> [EXCERPTED DATA]:
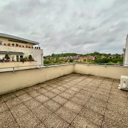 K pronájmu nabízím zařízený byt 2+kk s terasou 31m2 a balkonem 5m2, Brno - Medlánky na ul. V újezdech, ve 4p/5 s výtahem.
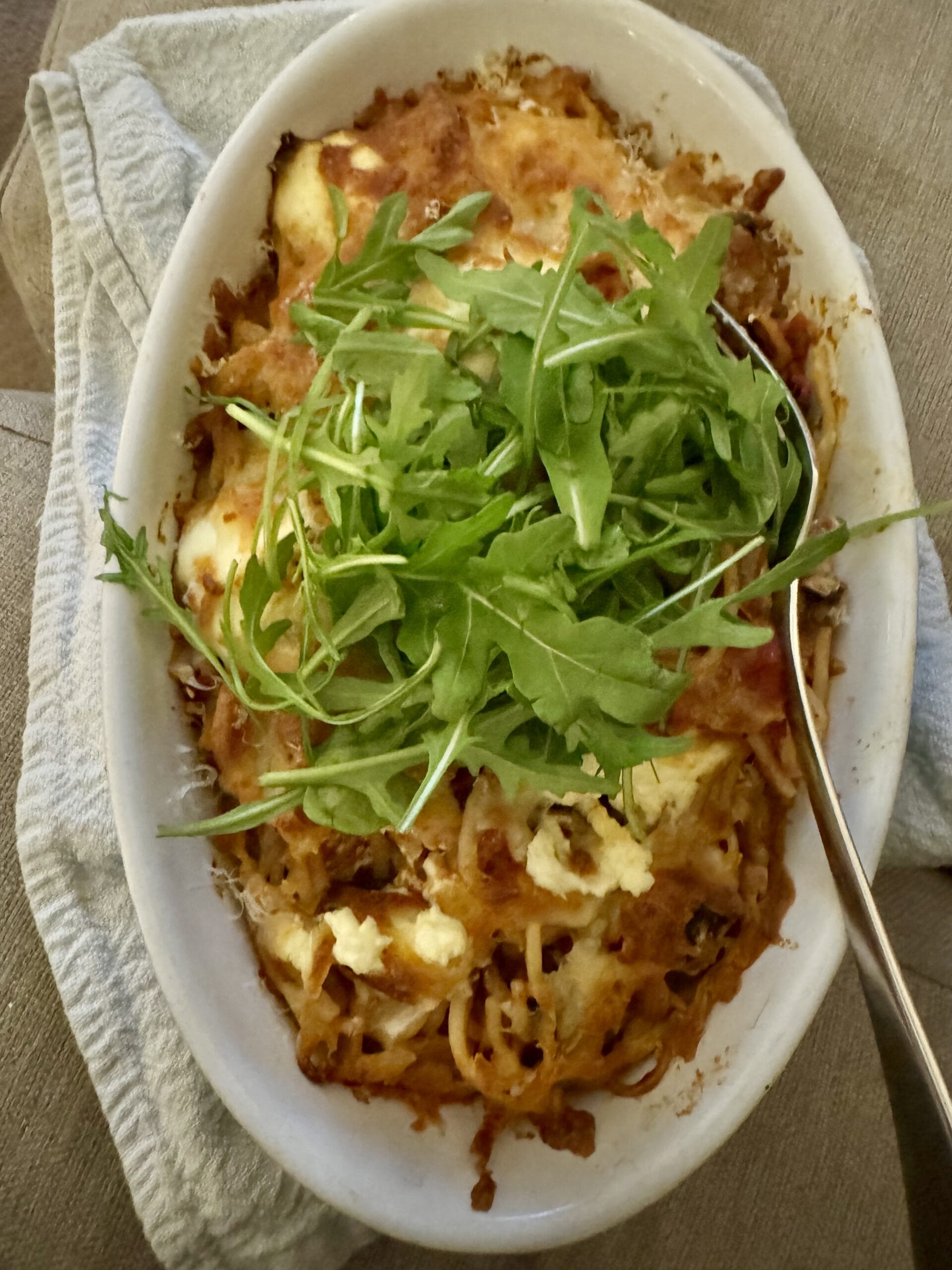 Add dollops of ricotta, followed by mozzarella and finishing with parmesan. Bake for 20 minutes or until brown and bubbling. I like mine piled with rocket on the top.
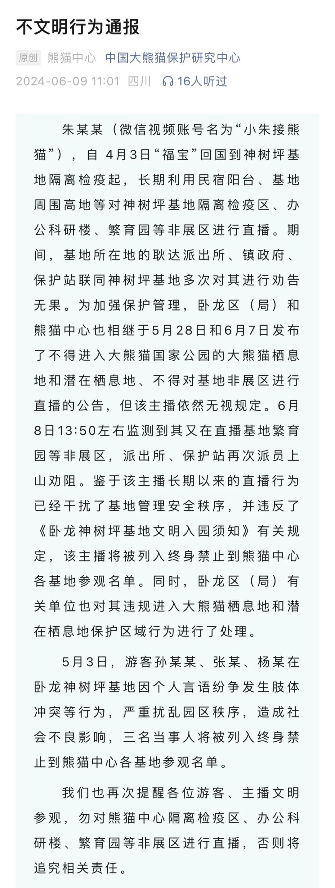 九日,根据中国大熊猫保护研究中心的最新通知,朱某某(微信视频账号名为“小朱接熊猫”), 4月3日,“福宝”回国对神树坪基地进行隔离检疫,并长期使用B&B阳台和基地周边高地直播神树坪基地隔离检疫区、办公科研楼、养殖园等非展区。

--

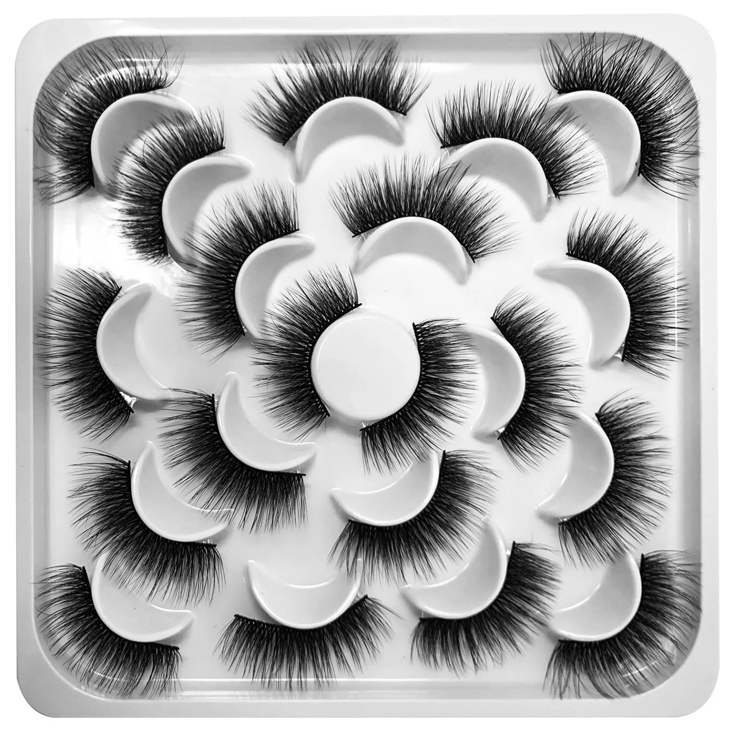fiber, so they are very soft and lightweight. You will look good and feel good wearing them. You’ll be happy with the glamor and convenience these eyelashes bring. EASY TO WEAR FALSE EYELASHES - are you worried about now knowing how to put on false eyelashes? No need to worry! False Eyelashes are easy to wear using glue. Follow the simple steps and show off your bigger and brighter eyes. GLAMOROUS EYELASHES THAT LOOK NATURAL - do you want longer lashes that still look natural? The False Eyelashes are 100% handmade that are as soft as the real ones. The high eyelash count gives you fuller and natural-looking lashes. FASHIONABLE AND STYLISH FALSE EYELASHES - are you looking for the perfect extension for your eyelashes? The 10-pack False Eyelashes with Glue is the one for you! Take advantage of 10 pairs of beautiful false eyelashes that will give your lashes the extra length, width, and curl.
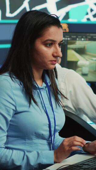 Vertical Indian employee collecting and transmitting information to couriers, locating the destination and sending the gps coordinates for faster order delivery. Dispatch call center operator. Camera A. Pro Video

---

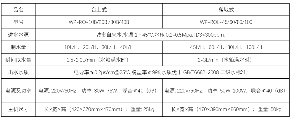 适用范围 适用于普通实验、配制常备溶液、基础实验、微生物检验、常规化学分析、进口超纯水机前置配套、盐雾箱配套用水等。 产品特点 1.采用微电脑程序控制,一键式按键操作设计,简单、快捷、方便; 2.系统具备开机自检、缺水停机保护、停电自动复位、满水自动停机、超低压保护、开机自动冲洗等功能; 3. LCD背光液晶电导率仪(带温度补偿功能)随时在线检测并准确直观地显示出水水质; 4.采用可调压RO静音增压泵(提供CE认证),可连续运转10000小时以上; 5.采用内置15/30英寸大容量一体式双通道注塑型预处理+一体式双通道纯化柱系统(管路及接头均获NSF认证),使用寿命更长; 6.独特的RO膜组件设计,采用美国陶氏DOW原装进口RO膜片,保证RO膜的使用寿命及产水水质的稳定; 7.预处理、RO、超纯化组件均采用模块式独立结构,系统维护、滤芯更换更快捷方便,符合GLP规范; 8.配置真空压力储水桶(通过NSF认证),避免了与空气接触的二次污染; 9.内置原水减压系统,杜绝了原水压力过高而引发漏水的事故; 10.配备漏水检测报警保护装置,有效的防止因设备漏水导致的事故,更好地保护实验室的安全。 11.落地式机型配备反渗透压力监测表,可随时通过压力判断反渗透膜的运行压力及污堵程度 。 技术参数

> [WHAT YOU SHOULD DO]: Lines from the one above containing "Add dollops of" down to the one containing "九日,根据中国大熊猫保护研究" should be transcribed exactly, with both ends kept and no pictures.

> [YOUR SOLUTION]:
 Add dollops of ricotta, followed by mozzarella and finishing with parmesan. Bake for 20 minutes or until brown and bubbling. I like mine piled with rocket on the top.
 九日,根据中国大熊猫保护研究中心的最新通知,朱某某(微信视频账号名为“小朱接熊猫”), 4月3日,“福宝”回国对神树坪基地进行隔离检疫,并长期使用B&B阳台和基地周边高地直播神树坪基地隔离检疫区、办公科研楼、养殖园等非展区。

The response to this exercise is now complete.